The rot that defines the state of road infrastructure in the Apapa area of Lagos, which is home to Nigeria’s two major seaports has gone even worse, following the impact of heavy rains, wear and tear from heavy duty vehicles and utter neglect by both the federal and Lagos State governments.
Residents, commuters and businesses in Apapa who are at the receiving end of this collapse, have described the neglect as unfortunate, stressing that with the federal and state governments produced by one political party, the politics of the past which rendered Apapa prostrate ought to have ended with the old order which defined ownership of infrastructure along political lines.
It has become increasingly difficult to drive through the major roads in this port city which before now, was a haven of upper middle class workers, expatriates, high profile and multi-national businesses which elevated Apapa’s status above its peers in the larger Lagos metropolitan city.
To many, Apapa has become a wasteland and walking through its major connecting roads including Liverpool, Creek Road, Wharf Road, among others reveals a degraded environment and collapsed roads which have forced many residents and businesses to flee to ‘safer’ places, leaving a large stock of empty houses for the spirits and rodents.
Wharf Road has become a death trap with countless ditches and gullies so deep as to up-turn laden trucks.
Rehabilitation work on the road, which is being done by the Dangote Group, has been put on hold, but an official of the Group explained on phone that work would resume “when the weather becomes clement—that is dry season”.
For the wrong reason, Apapa has been in the news for the most part of the last 24 months.

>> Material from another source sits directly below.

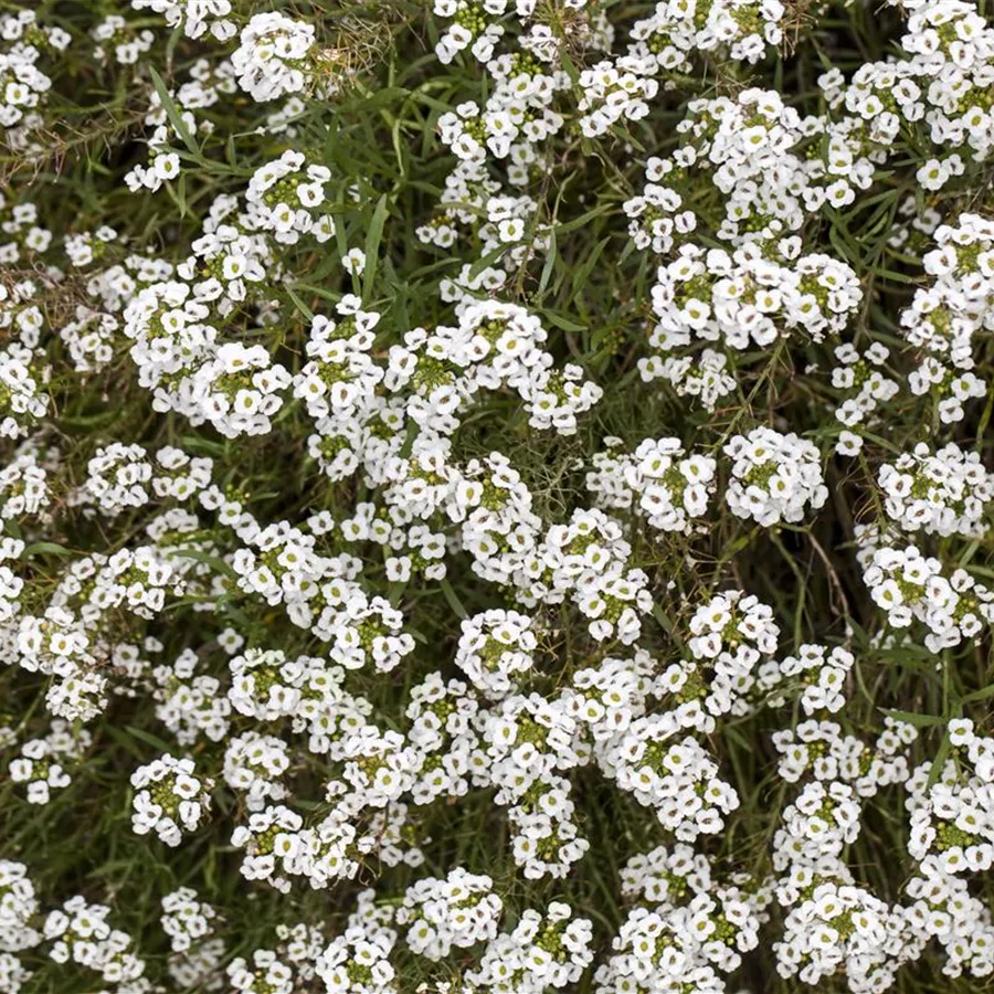 Lobularia maritima bildet während der gesamten Saison zahlreiche weiße Blüten. Diese verströmen einen angenehmen Duft.

It has become a metaphor for pain, anguish, stress and suffering because of its crippling, intractable and suffocating gridlock and bad roads that elicit endless (unanswered) questions from motorists, other commuters and the few residents still staying put, hoping for intervention from government.

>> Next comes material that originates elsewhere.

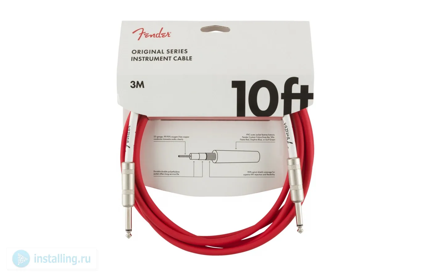 FENDER 10` OR INST CABLE FRD – стильный фирменный аксессуар от знаменитого американского гитарного бренда, инструментальный кабель из линейки Original Series. Данная модель - с двумя прямыми никелированными разъемами 1/4" джек. Кабель со спиральным экранированием (90% бескислородной меди) обеспечивает надежное соединение, стабильную передачу сигнала, он прочный и гибкий, отлично подходит для использования как на сцене, так и в студии. Внешний диаметр – 8 миллиметров. Длина кабеля – 10 футов (3,05 метра). Модель выпускается в нескольких вариантах цветового исполнения. Представленный кабель – с оплеткой из поливинилхлорида эффектного классического фендеровского яркого красного цвета «Fiesta Red».

“Does any government have responsibility for Apapa?”, asked Paul Ajibade, a staff of an old generation bank with an office on Creek Road, Apapa, as he struggled frantically, on Monday, to pull out his trapped Toyota Corolla, 2012 model, from a ditch on Wharf Road.
Ajibade, who drives into Apapa from Festac Town, where he resides, said he takes the pain to drive through Orile-Iganmu via Ijora to connect Apapa every morning. He admits this is a rather zigzag journey for him, but he is left with no other choice, as the Mile 2-Tin Can route which is shorter from Festac Town, bears no guarantee he would get to his office if he ventures in.
“The Mile 2-Tincan axis is perpetually locked-down by the activities of petroleum tankers and container-bearing trucks. Apart from this, the road network, particularly from the Tincan-Liverpool Roundabout towards Apapa Wharf, has long collapsed, so it makes no sense going there,” said Ajibade.
For several years running, many of the motorists and commuters entering and exiting Apapa, like Ajibade, have had to ply Mobil Road or Ijora-Apapa Bridge. Indeed, due to pressure and decades of lack of maintenance, the stretch of Ijora-Apapa Bridge bears signs of disrepair and danger, as all the expansion joints are giving way. Recently, a section of the bridge caved in, forcing the Federal Government to divert traffic before calling in a construction firm to undertake a temporary remedial work.
But a few metres from the foot of the bridge, towards Airways bus stop, leading to Apapa Wharf, is the shame of a nation, and questions the Federal Government’s justification for the trillions of naira revenue it generates annually from import duties, sundry levies and taxes from the two ports in Apapa.
As the road situation worsens with the continuing rainfall, motorists seeking alternative routes to Apapa Wharf and other destinations within Apapa, are increasing finding it difficult, as some of the alternative routes are also in gross disrepair.
Liverpool, one of such alternative routes, through the Apapa GRA, which is categorised as state road, has collapsed, further increasing the trauma that residents, businesses and visitors are daily subjected to.
The Lagos State government reaps millions of naira monthly from Apapa through the wharf landing fee law introduced by the previous administration in the state. Under the law, every importer pays N1,000 on every 40ft container, N500 on every 20ft container and N300 on every vehicle imported through the ports, which the government claims is meant for road maintenance.
A top management staff of the state ministry of works and infrastructure, when contacted on the condition of Liverpool road, said he was not sure of the status of the road- whether it belongs to Lagos or the Federal Government. But motorists are saying that any government can repair roads for the sake of the citizens.